I left my heart in Oshakati

Monday, October 10th, 2005

Well, it’s been an eventful week. The discovery that our hotel room had a TV was wonderful – I have felt very out of touch with the world. Unfortunately, I seem to have picked a week when the four horsemen of the apocalypse are trampling all over Mexico, Guatemala, Bali, Pakistan and Afghanistan. It was quite spooky really, as the only other channel seemed to be the God channel: Evangelical southern American preachers belting out the word of God all bloody day (send in your gift of any amount, and you’ll receive this free CD and prayer book, and on top of that we’ll pop a cheapo plastic gem on the altar on the 27 October, so you can try and get your unsaved loved ones’ souls placed in the crown of our saviour before they’re consigned to the fires of hell, amen), and healing people through the TV. If I weren’t so secure in my atheism, I may have been tempted to think that the week’s global events were indeed a series of doom-laden portents.

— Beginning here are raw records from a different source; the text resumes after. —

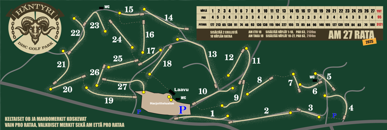 Pelataan koko Häntyri ama 27 väylää.
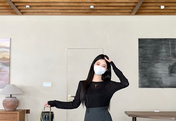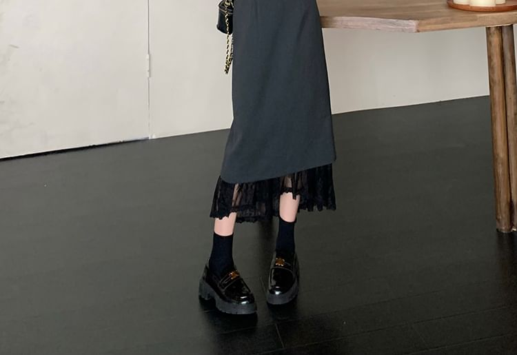 Long-Sleeve Crew Neck Plain Knit Top / High Rise Lace Trim Midi A-Line Skirt
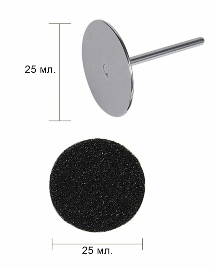 This pedicure disc (Ø 25 mm, size L) features a 2.1 mm shank diameter and 3 cm length. It effectively removes rough, calloused skin from the feet in minutes without keratolytics. Comes with replaceable foam-backed files: 80 grit for rough skin, 150 grit for medium skin, and 240 grit for final polishing to prevent cracks.
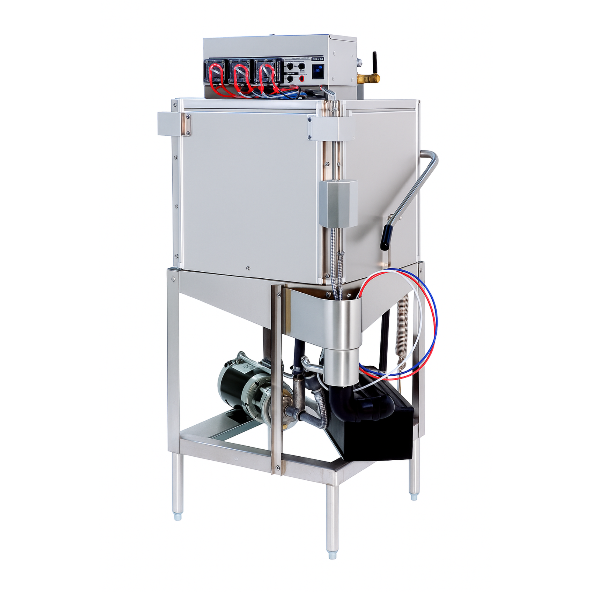 - Top-mounted controls with built-in chemical pumps and deliming system
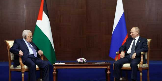 ونقلت وكالة سبوتنيك عن بوتين قوله خلال لقائه عباس اليوم على هامش مؤتمر “التفاعل وإجراءات بناء الثقة في آسيا” المنعقد في أستانا “هناك الكثير مما يتعين القيام به لضمان تطوير العلاقات الاقتصادية الثنائية بشكل أكثر فاعلية، وخاصة أن هناك إمكانية لذلك”.
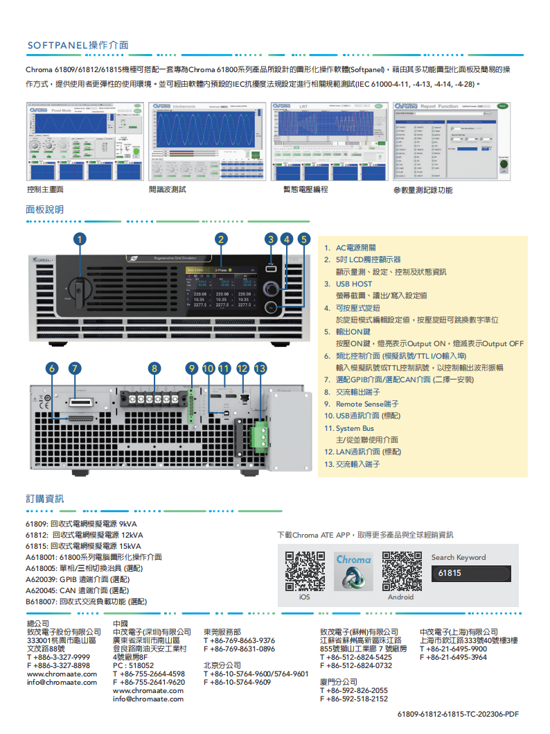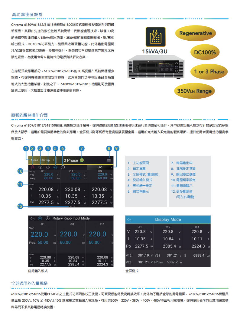 61809/61812/61815 机型为 Chroma 61800 回收式电网模拟电源系列中,功率分别为 9kVA/12kVA/15kVA 的电源测试仪器产品。该机型以 3U 的机体高度具备更大 15kVA 的输出功率,实现了高功率密度设计;并且具有单相、三相输出模式;输出电压范围可达到相电压 350V、线电压 606V,通过单相三线配置可达到单相电压 700V;此外,更能够通过主从控制实现多台单机并联组合,提供更大的输出功率以满足测试需求。
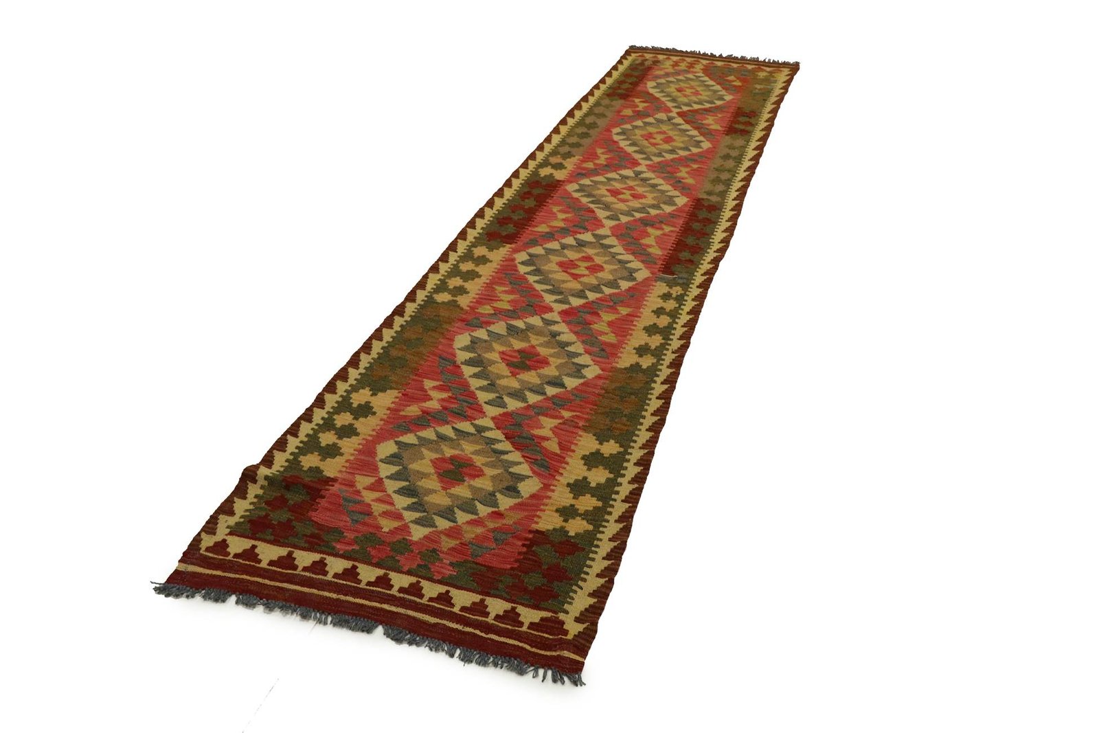 Kilim rugs differ fundamentally from hand-knotted varieties in that they are hand-woven and do not have a high wool pile, which makes them flatter and rougher. This simpler manufacturing process results in lower production costs. An additional advantage is their lower weight and the fact that they can be used on both sides. Originally from Persia, kilims are now also widely produced in Afghanistan. They are characterised by their simple, linear patterns, which are created by the special weaving technique.

VSO really turned us into tourists for the week, which was great. My wildlife count for my stay so far now includes a kudu, springbok, eland, ostriches and a solitary warthog. I also think I should count the dead donkey we saw being skinned and divvied up by the side of the road on the way out of Oshakati on Saturday, and the wide-open, emptied head of a cow that rested on the floor in a market that we wandered through. It sort of reminded me of the time I came home from school to find my parents sorting out bits of freshly slaughtered pig into freezer bags on the kitchen floor. There was half a pigs head, eye side up, in our freezer for years. I’d be eyeballed every time I went to fish out a loaf of bread. I’m including them anyway, as these are sights the like of which I’ve not seen for a while, as for some reason, the relationship between live animal, and end product foodstuff seems to be taboo at home. Which reminds me – does anyone know the best way to kill a chicken? I’d go for strangulation, but others in the discussion were opting for decapitation. I’m not sure it’s that easy to decapitate a chicken on your own, honestly, but any thoughts welcome.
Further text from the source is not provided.